Eternal Hope and Anticipating the End of the Fast

Regardless of how long a fast that an individual or group might choose, at some point the planned fast concludes. In my recent fast I was intrigued how refreshed I was to hit the afternoon of my second fast day, knowing that I was just one evening and one morning away from enjoying a meal.

In recent years I have had a general deepening focus on the new heavens and the earth. The writings of C.S. Lewis in “The Space Trilogy” and “Great Divorce,” as well as Randy Alcorn’s book, “Heaven,” have blessed greatly.
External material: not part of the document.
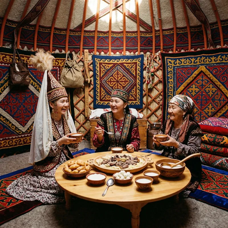 Exploring Kazakh Culinary Traditions in a Nomadic Yurt

But fasting with an eye toward eternity is a special experience because it reminds us that a key part of the Christian life is the “already and the not yet.” We see close friends in marriage turmoil, we see young people take their own lives and others running to gender modification to find an identity the Lord has already provided, and of course many with chronic pain, and all of us with recurring sin patterns that offend the Lord and affect others but also just leave us discouraged in this life (Romans 7).

Nearing the end of a fast gives fresh perspective on the joy of waiting and the blessing of anticipating. As with other aspects of fasting, we are essentially creating an “artificial” suffering, in which we can strengthen spiritual muscles for daily living and crisis moments. Just as knowing that meal is coming in 18 hours helps empower to the finish line of the fast, so too, the hope we have of heaven in all our spiritual journey.
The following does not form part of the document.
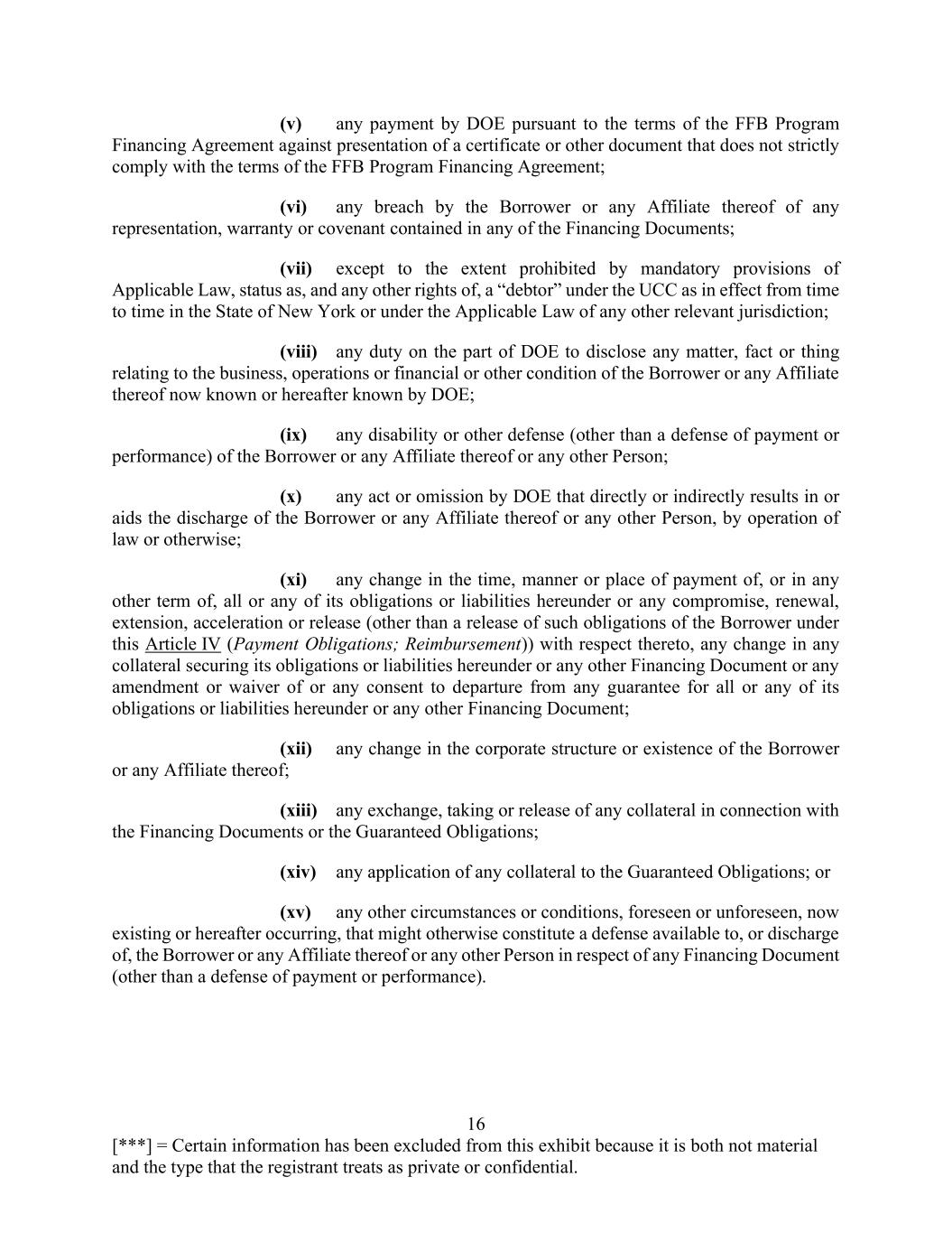 16 [***] = Certain information has been excluded from this exhibit because it is both not material and the type that the registrant treats as private or confidential. (v) any payment by DOE pursuant to the terms of the FFB Program Financing Agreement against presentation of a certificate or other document that does not strictly comply with the terms of the FFB Program Financing Agreement; (vi) any breach by the Borrower or any Affiliate thereof of any representation, warranty or covenant contained in any of the Financing Documents; (vii) except to the extent prohibited by mandatory provisions of Applicable Law, status as, and any other rights of, a “debtor” under the UCC as in effect from time to time in the State of New York or under the Applicable Law of any other relevant jurisdiction; (viii) any duty on the part of DOE to disclose any matter, fact or thing relating to the business, operations or financial or other condition of the Borrower or any Affiliate thereof now known or hereafter known by DOE; (ix) any disability or other defense (other than a defense of payment or performance) of the Borrower or any Affiliate thereof or any other Person; (x) any act or omission by DOE that directly or indirectly results in or aids the discharge of the Borrower or any Affiliate thereof or any other Person, by operation of law or otherwise; (xi) any change in the time, manner or place of payment of, or in any other term of, all or any of its obligations or liabilities hereunder or any compromise, renewal, extension, acceleration or release (other than a release of such obligations of the Borrower under this Article IV (Payment Obligations; Reimbursement)) with respect thereto, any change in any collateral securing its obligations or liabilities hereunder or any other Financing Document or any amendment or waiver of or any consent to departure from any guarantee for all or any of its obligations or liabilities hereunder or any other Financing Document; (xii) any change in the corporate structure or existence of the Borrower or any Affiliate thereof; (xiii) any exchange, taking or release of any collateral in connection with the Financing Documents or the Guaranteed Obligations; (xiv) any application of any collateral to the Guaranteed Obligations; or (xv) any other circumstances or conditions, foreseen or unforeseen, now existing or hereafter occurring, that might otherwise constitute a defense available to, or discharge of, the Borrower or any Affiliate thereof or any other Person in respect of any Financing Document (other than a defense of payment or performance).

Thankfulness When the Fast is Complete

In some ways the few moments before one takes a bite of food to end a fast is a mixed bag. Recently, I found I was both absolutely ready to eat and also a bit sad that the season of purposeful personal growth and empowered prayer was ending. I was both thankful for the special connection to the Lord I had received, and for the material provision to refresh my weary body. As a physical being, God designed me to run on food, and to enjoy the tasting of it and fellowship around the table with family or friends. What a joy that He provides something much higher than the enjoyment and provision of food, and He also provides the enjoyment and provision of food!

I hope in some way these “take-outs” from one short season of fasting will bless others as they decide to fast or seek out the Lord in their fast. Perhaps we can inspire one another to move from the most well-fed and least fasting Christians in history, to the most God-fed and more deliberate fasting believers.